ВЗГЛЯД НА СВОИ СОБСТВЕННЫЙ ОПЫТ. СВАМИ ЙОГАНАИДА. СПЕЦИАЛЬНОЕ ОБРАЩЕНИЕ К ТЕМ, КТО ПЕРЕНЁС НЕДАВНЮЮ УТРАТУ

Во время одного из восьми моих сеансов, когда Рут (Джоан) Файнли говорила через Флетчера из потустороннего мира, она сказала: «Форд сам для себя распорядитель церемоний. Он здесь с нами, – как вы называете, на нашей плоскости бытия… Иногда Форд становится настолько заинтересованным тем, о чём идёт речь, что переходит к нам и пребывает у нас, со своими старыми друзьями, предоставляя другим душам занимать своё тело. Среди нас, бесплотных, есть и такие, кто имеет примерно такой же энергетический тип, что и Форд, и, когда им даётся такая возможность, они сами передают сообщения Флетчеру».

Услышав это, один из участников сеанса захотел узнать, могу ли я вспомнить что-нибудь из этих своих экскурсий в иной мир, как это могла делать Рут Файнли после своих сеансов, когда она ещё жила земной жизнью. Я должен был ответить, что нет, не могу. Если я и совершал во время сеансов какие-то путешествия в другие сферы бытия, то должен сказать, что они остались за семью печатями для моей сознательной земной памяти. Транс для меня – это сон без сновидений.

Но это не значит, что у меня вовсе не было никакого опыта знакомства с жизнью «на той стороне». На самом деле одно из самых ярких впечатлений моей земной жизни связано с таким путешествием в высшие сферы жизни. Этот случай перенёс мои представления о продолжении жизни после смерти из плоскости веры в плоскость очевидной реальности. Хотя я и рассказывал об этом раньше, этот случай настолько тесно связан с темой нынешней книги, что я должен повторить его снова.

Я был болен и находился в критическом состоянии. Врачи считали, что я не выживу, но, как и все хорошие врачи, продолжали делать всё, что могли. Я находился в госпитале, и моим друзьям было сказано, что я не переживу наступающей ночи. Как бы со стороны, не почувствовав ничего, кроме некоторого любопытства, я услышал, как врач сказал медсестре: «Сделайте ему укол, ему надо успокоиться». Я, казалось, понял, что это означает, но не был испуган. Мне просто стало интересно, сколько пройдёт времени, прежде чем я умру.

Потом я обнаружил, что плыву по воздуху над своей кроватью. Я видел своё тело, но не проявлял к нему никакого интереса. Меня охватило чувство покоя, ощущение того, что всё вокруг хорошо. Затем я погрузился в пустоту, в которой не существовало времени. Когда ко мне вернулось сознание, я обнаружил, что лечу сквозь пространство, без всяких усилий, не ощущая, как прежде, своего тела.

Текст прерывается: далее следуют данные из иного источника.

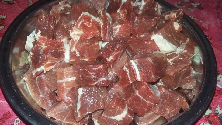Мясо помыла и порезала небольшими кусочками.
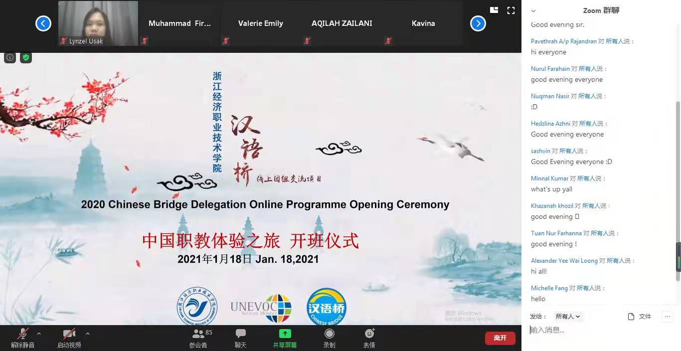 2021年1月18日,由教育部中外语言交流合作中心主办、我校首次承办的以“中国职教体验之旅”为主题的2020年“汉语桥”线上团组项目启动开班,来自马来西亚、加拿大和摩洛哥的149名学员参加学习,开班仪式上,我校外事办、国际教育中心主任郑刚强教授向各国学员表示欢迎并简要介绍了我校的办学历史和办学特色,同时也邀请他们在疫情过后亲身来体验中国的职教之魅力。

И всё же это ещё был я.

Вот появилась зелёная долина, окружённая горами, вся залитая ярчайшим светом и такая красочная, что невозможно описать. Отовсюду ко мне шли люди – люди, которых я прежде знал и считал, что они уже умерли. Я знал всех их. И хоть о многих я уже не думал годами, мне показалось, что меня встречают те, к кому я был привязан. Узнавалась скорее сама личность, чем её физические признаки. Их возраст изменился. Те, кто умер старым, стал молодым, а те, кто скончался в детские годы, повзрослели.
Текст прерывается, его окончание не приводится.